Figure 5: Comparisons on MMHalu and Bingo datasets show dynamic thresholding (∆) improves scores by +4.7% (R1-Onevision) and +4.1% (Vision-R1) versus fixed thresholds.

Effect of Switching Window Size: Performance improves as window size grows to 128, then declines. Extreme ( $\infty$ ) causes regression to standard CoT performance.

Figure 6: (a) MMHalu and (b) Bingo scores for R1-Onevision and Vision-R1 under window sizes 64, 128, 256, ∞.

Effect of Visual Anchor Injection Strength $\lambda$ : Performance peaks at $\lambda = 0.4$ across datasets.

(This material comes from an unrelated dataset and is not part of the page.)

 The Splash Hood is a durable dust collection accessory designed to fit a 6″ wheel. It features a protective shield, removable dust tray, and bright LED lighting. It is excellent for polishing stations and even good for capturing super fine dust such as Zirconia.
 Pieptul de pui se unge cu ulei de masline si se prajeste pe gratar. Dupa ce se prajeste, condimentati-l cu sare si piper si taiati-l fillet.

Table 1: Effect of visual anchor injection strength λ on overall performance.

Model	$\lambda$	VStar	MMEval-Pro	MMHalu	Bingo
R1-Onevision-7B	0	67.5	71.9	3.59	3.74
	0.2	69.6	72.0	3.66	3.73
	0.4	71.2	73.9	3.80	3.84
	0.6	68.1	73.3	3.77	3.76
Vision-R1-7B	0	79.1	72.7	3.69	3.68
	0.2	80.1	73.9	3.78	3.70
	0.4	81.7	75.1	3.89	3.77
	0.6	79.6	74.5	3.83	3.75

Qualitative Analysis: LEAD allocates higher visual attention to query-relevant regions vs. Baseline and MemVR. During latent reasoning, token distribution is more dispersed (higher entropy); during discrete reasoning, distribution approaches one-hot (lower entropy).

4.3. Comparisons to State-of-the-Arts

General Reasoning & Hallucination Benchmarks: LEAD consistently improves performance across all models.

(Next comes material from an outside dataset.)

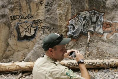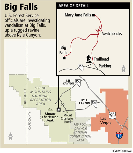 The base of the once-pristine rock walls that tower to the sky just inside the Mount Charleston Wilderness Area up a rugged ravine above Kyle Canyon have been marred with 12-foot-long swaths of blue, white, orange and black spray paint. It's similar to the graffiti that vandals leave along Las Vegas freeways.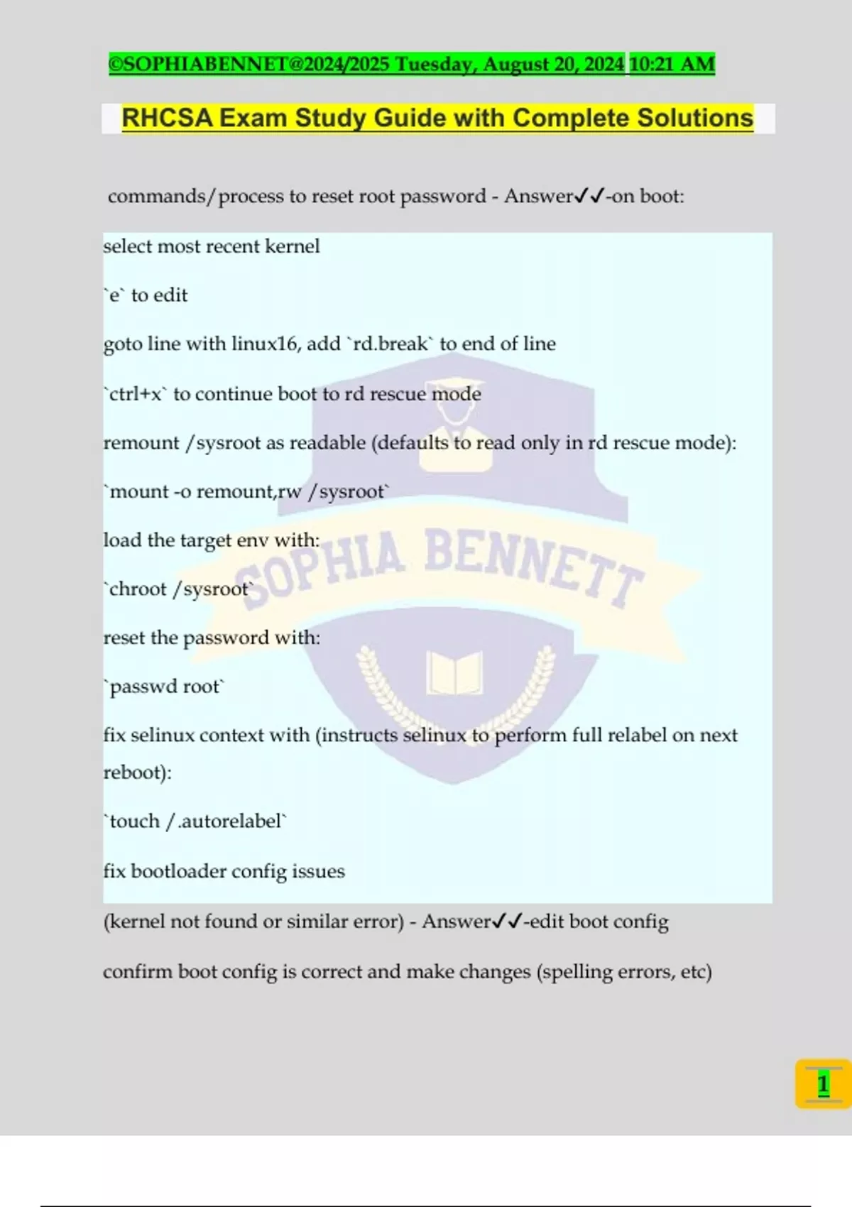 RHCSA Exam Study Guide with Complete Solutions

Table 2: Comparisons of different MLRMs with LEAD across general reasoning and hallucination benchmarks. (Table shows accuracy for general benchmarks, scores for MMHalu (0-6) and Bingo (1-5). LEAD improves R1-Onevision by +4.7% on MMHalu and +3.8% on Bingo.)

Domain-Specific Reasoning Benchmarks: LEAD improves average accuracy by +2.0% on mathematics and +3.2% on scientific benchmarks.

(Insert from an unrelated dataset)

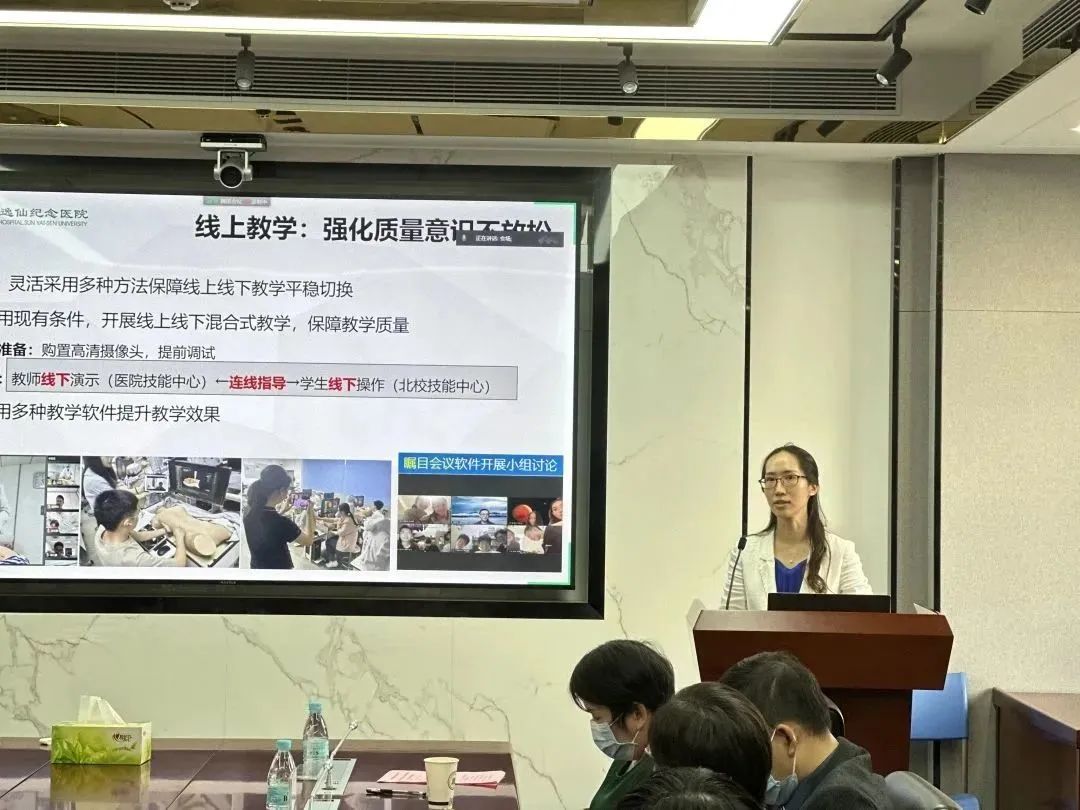 孙逸仙纪念医院教学科青永红科长、附属第三医院任杰副院长、中山眼科中心卓业鸿副主任、附属口腔医院林正梅副院长、附属第五医院肖非副院长先后分享各自医院临床教学的现状、经验与工作计划。孙逸仙纪念医院以常态教学质量建设为根本,强化质量意识不放松,严抓集体备课、八年制学位论文等工作,在疫情期间灵活采用多种形式保障线上线下教学平稳开展,并在儿科率先开展“叙事医学”试点教学改革。附属第三医院在临床师资队伍建设上坚持有方向、有能力、有热情,使临床教学成为教师感到光荣、受尊重的工作;推进临床教学管理体系改革,成立教学部,整合原教学科、研究生科、继教科、技能中心等部门;加快搭建5G智慧教学平台,助力医学人才培养。中山眼科中心紧密结合学时少但内容多、时间紧、要求高的眼科临床教学特点,邀请学校副书记余敏斌教授出席集体备课,将眼科临床见习做出特色;大力投入教学资源,为师生配置眼底检查模拟器、手术模拟器等高值教学设备;在疫情期间力争线上教学同质化,并在课后开展PDCA持续改进,加强师生互动。附属口腔医院积极搭建医工融合教学平台,信息化赋能口腔教学,推进智慧课堂建设;开设8门在线专业课程,点击量达一万六千人次;为学生开设自助式教学实验室,学生可自由预约学习。附属第五医院统筹教学资源,成立教育处,统筹本科、研究生、继续教育及技能中心管理,开展形式丰富的“大思政课”、学生征文等活动;医院邵晶晶老师获学校第十届教师教学竞赛特等奖。

Table 3: Comparisons of different MLRMs with LEAD across mathematical and scientific visual reasoning benchmarks. (Table shows accuracy improvements across all mathematical and scientific subsets.)

GPT-5 Assisted Evaluation: LEAD preserves text quality (grammar, fluency, naturalness) and shows lower perplexity (PPL) compared to baselines.

Reasoning Efficiency: LEAD generates shorter reasoning lengths while maintaining highest accuracy (evaluated on MathVision with R1-Onevision).

Figure 9: Comparisons of accuracy and reasoning length. LEAD achieves highest accuracy (~32.4%) with shortest average token length (~460).

Pass@k Performance: LEAD reaches peak accuracy at smaller $k$ values, indicating higher sample efficiency and greater diversity/correctness in reasoning.

Figure 10: Pass@k accuracy on RealWorldQA and MathVista for $k \in [4, 32]$ . LEAD shows steeper increase and higher final accuracy.

Theoretical and Practical Implications

Theoretical Implications:

Provides a novel perspective on hallucination mitigation by linking it to token-level uncertainty (entropy) and transition words.
Introduces the concept of latent superposed reasoning for MLRMs, leveraging full probability distributions to maintain semantic diversity during uncertain phases.
Demonstrates the importance of adaptive reasoning mode switching based on intrinsic confidence signals.

Practical Implications:

LEAD is a lightweight, plug-and-play decoding strategy that can be integrated into existing MLRMs without additional training costs.
It significantly reduces multimodal hallucinations across a wide range of benchmarks and model architectures.
The method improves reasoning efficiency (shorter chains, higher sample efficiency) while enhancing accuracy.
The visual anchor injection mechanism provides a simple way to enhance visual grounding during uncertain reasoning, addressing a key weakness observed in hallucination-prone states.

Conclusion

The paper identifies a strong correlation between transition words, high-entropy states, and hallucinations in MLRMs, and finds that hallucination-associated high-entropy tokens receive lower visual attention.

Motivated by these observations, the proposed Latent Entropy-Aware Decoding (LEAD) framework adaptively switches between discrete and latent semantic representations based on token-level entropy, while injecting visual guidance during high-uncertainty phases.

Extensive evaluations demonstrate that LEAD consistently strengthens reasoning reliability and significantly reduces multimodal hallucinations across both general-purpose and scientific benchmarks, offering an effective, training-free solution for improving MLRM robustness.